Everytime i thought we had managed to move on, and i had gotten over it, i would find evidence again. The lies, the bare faced lies.
Clearly you dont want to leave, and thats your choice. Its scary to think of that, and all that it entails, and the feelings it brings as well.

Eventually i came to the point ( three weeks after discovering a secret email account containing pics of him having sex with another woman), that i decided that that was not the life i wanted to lead. I could not contine to be treated like absolute shit, i could not stand by while my self estem was erroded any more, while my self worth fell by the wayside every time i discovered what he was up to. I would not let him ruin our daughters life by teaching her this was how relationships were, how women should be treated.

Yes, it was hard, in fact it was fucking difficult. It was, however, the best thing i have ever done. My only regrett is that i stayed with him so long, made so many excuses for him, and forgave the unforgivable.

You need to think - when you have the time, what you want, this is YOUR life, you dont get to live it again.

Newtothisstuff · 29/01/2012 09:21

Sign up and honey trap him on there !! Busted then he can't get out of it can he

coccyx · 29/01/2012 09:28

Poor you, husband met up with a woman off one of these sites last year.
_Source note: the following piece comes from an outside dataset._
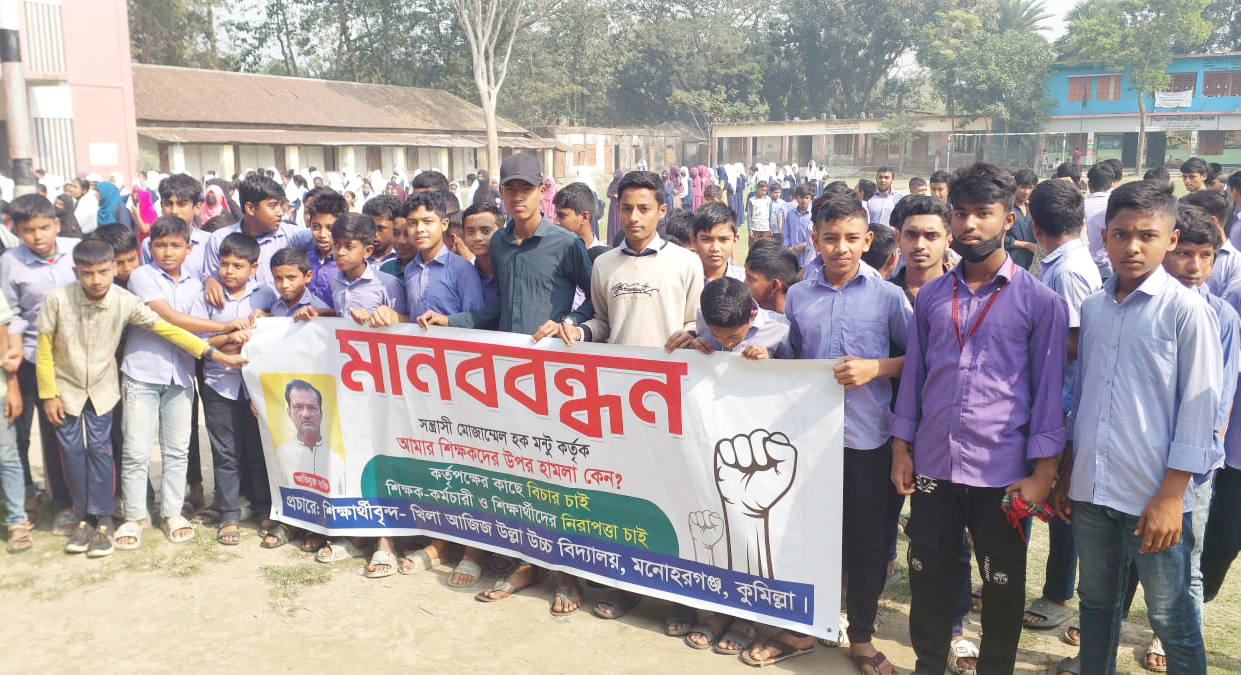 স্কুল নিয়ে স্থানীয়দের মাঝে বিরোধের জের ধরে কুমিল্লার মনোহরগঞ্জের খিলা আব্দুল আজিজ উচ্চ বিদ্যালয়ের প্রধান শিক্ষক মুনির আহমেদের সাথে অশোভন আচরণের প্রতিবাদে ও এর বিচার দাবিতে মাববন্ধন ও প্রতিবাদ কর্মসূচি পালন করেছে স্কুলের শিক্ষার্থীরা। বুধবার (১৫ জানুয়ারি) স্কুল ক্যাম্পাসের সামনে প্রতিবাদ ও স্কুলের সামনের সড়কে মানববন্ধন করে এ ঘটনার বিচার দাবি করে শিক্ষার্থীরা।

He knows i will not be with him if he does anything like this again. I am suspicious, told him I will check up on him and ask lots of questions if i am concerned! he understands and goes overboard telling me where he is etc.
I If you don't want to leave you need to tell him what you know and will not tolerate it

Ernestina · 29/01/2012 09:53

Newtothisstuff- that's a brilliant idea, thanks. He definitely couldn't deny it then.

Snail- your situation sounds awful- glad you've moved on. Pics of him having sex with someone else would be a total dealbreaker, no question.

I might be coming across as a bit of a mug but I promise you I'm not. Really don't want to reveal too much that could out me in RL, but even if I decide to kick dh out, there are really good financial reasons to stay with him at least until my eldest starts school in September. It would be near on impossible for me to work if we split now.

OP posts:
ABatInBunkFive · 29/01/2012 10:00

He'd just say he he had a quick look at the site and moved on

My DH doesn't feel the need to have a quick look at a dating site. Why would that be an excuse you accepted? Or do you mean he'd make you out to be the unreasonable one?

ABatInBunkFive · 29/01/2012 10:01

Oh and as for you honeytrapping him, why couldn''t he deny that? After all he knew it was you and played along.....

MardyArsedMidlander · 29/01/2012 10:09

If you confront him with all the evidence in the world- if you're not going to leave him, and you've already been through counselling- what's the point?

purpleroses · 29/01/2012 10:16

If you look at the history files on his computer you will be able to tell whether he's visited the site just once or every day. You can even see how often during a day. Might be useful to know. In those circumstances, I wouldn't feel the slightest bit guilty about snooping.